Using only the entries below, copy exactly the lines that begin at the one with "Friche en herbe le 29 juillet" and end at the one with "Sie sorgen liebevoll", both included. Drop the pictures.

(Saved entries)
--- START ---

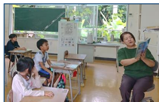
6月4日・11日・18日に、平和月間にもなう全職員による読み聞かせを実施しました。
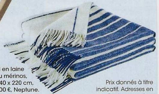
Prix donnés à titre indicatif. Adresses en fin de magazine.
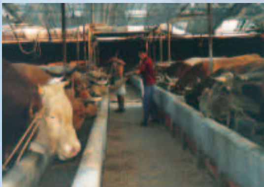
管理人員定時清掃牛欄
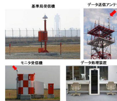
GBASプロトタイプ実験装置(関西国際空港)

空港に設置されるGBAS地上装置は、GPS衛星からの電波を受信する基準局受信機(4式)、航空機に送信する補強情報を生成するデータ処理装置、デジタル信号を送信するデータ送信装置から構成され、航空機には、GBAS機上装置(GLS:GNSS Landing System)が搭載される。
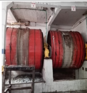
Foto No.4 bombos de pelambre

--- END ---
--- START ---

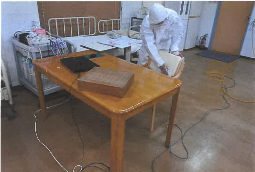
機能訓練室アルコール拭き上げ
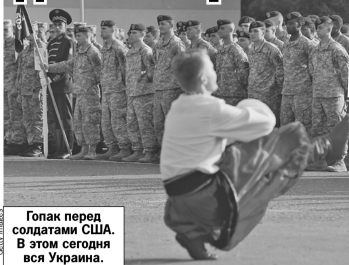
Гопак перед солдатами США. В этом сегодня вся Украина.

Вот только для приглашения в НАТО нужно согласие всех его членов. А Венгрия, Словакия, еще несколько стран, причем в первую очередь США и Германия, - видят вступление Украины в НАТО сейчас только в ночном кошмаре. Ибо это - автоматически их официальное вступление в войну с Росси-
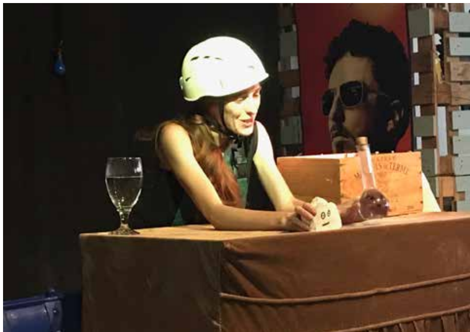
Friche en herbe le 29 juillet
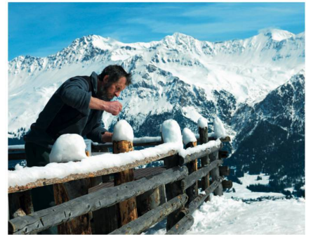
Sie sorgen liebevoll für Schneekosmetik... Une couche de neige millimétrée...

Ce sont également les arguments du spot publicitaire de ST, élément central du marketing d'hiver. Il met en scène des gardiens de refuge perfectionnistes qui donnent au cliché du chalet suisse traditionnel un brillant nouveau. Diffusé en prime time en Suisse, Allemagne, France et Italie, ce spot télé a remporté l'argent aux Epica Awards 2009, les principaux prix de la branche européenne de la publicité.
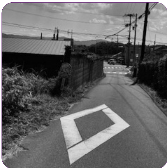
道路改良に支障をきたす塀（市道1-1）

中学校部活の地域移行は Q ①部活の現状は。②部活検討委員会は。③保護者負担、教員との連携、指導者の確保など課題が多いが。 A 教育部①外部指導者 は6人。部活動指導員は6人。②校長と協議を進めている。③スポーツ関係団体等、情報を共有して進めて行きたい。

--- END ---

Answer below
Friche en herbe le 29 juillet
Sie sorgen liebevoll für Schneekosmetik... Une couche de neige millimétrée...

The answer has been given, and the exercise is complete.